Accuracy Tuning Process

This section describes how to tune the accuracy when the ported model functions properly on the Ascend AI Processor but still suffers from accuracy issues or poor convergence.

Background

After the ported model is trained on Ascend AI Processor (NPU for short) and functions properly, the accuracy may not meet the requirements or the convergence effect may be poor. When the model runs on Ascend AI Processor, the issues that may be encountered include but are not limited to the following:

  • The loss curve differs greatly from that of the benchmark model.
  • The validation accuracy differs greatly from that of the benchmark model.

These accuracy issues are difficult to locate due to the following reasons:

  • The training is completed without exceptions.
  • No warning or error is recorded in the logs.
  • The differences are found only during comparison with the benchmark model.

This section provides guidance for you to tune the accuracy.

Tuning Approach

Accuracy problems result from various aspects, for example, the provided benchmark model, an error occurred during model porting, or operator accuracy on the network. The following flowchart summarizes the workflow for accuracy tuning with the possible causes highlighted.

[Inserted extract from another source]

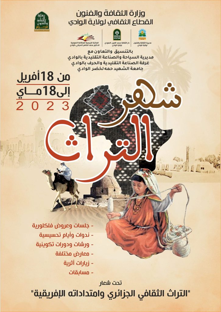 احتفاء بشهر التراث الممتد من 18افريل الى 18 ماي 2023 تحت شعار “التراث الثقافي الجزائري وامتداداته الافريقية”

Table 1 Accuracy tuning process

No.

Step

Description

1

Pre-tuning Check

Check the following items before accuracy tuning:

  • Original script: Verify that the benchmark model is qualified.
  • Ported script: Check that no errors occur during model porting.

2

Model Accuracy Analyzer Deployment

Before accuracy tuning, install one-click accuracy analyzer on your training NPU.

3

Floating-Point Exception Detection

During training, frequent floating-point exceptions may occur, such as a sharp drop in Loss Scale or a direct drop to 1. In such cases, analyze the overflow data to identify the cause of the exception.

4

Fusion Exception Detection

At network run time, the system fuses operators according to built-in fusion patterns for better network performance. As most fusions are proceeded automatically, it is possible that your model contains an operator that is not yet covered by the fusion implementations, which impacts model accuracy. You can disable fusion to determine whether the problem happens in operator fusion phase.

5

Network-wide Accuracy Comparison

If the accuracy still does not meet expectations after the above steps, collect operator execution results (dump data) during training and compare them with results from the benchmark operator (such as TensorFlow). This helps quickly pinpoint operators with accuracy issues.

6

Random Error Detection

At network run time, the calculation with the same inputs may produce different outputs. If such random issues happen, run training twice and collect operator results (dump data) from both runs. Compare the results to quickly identify operators that cause randomness.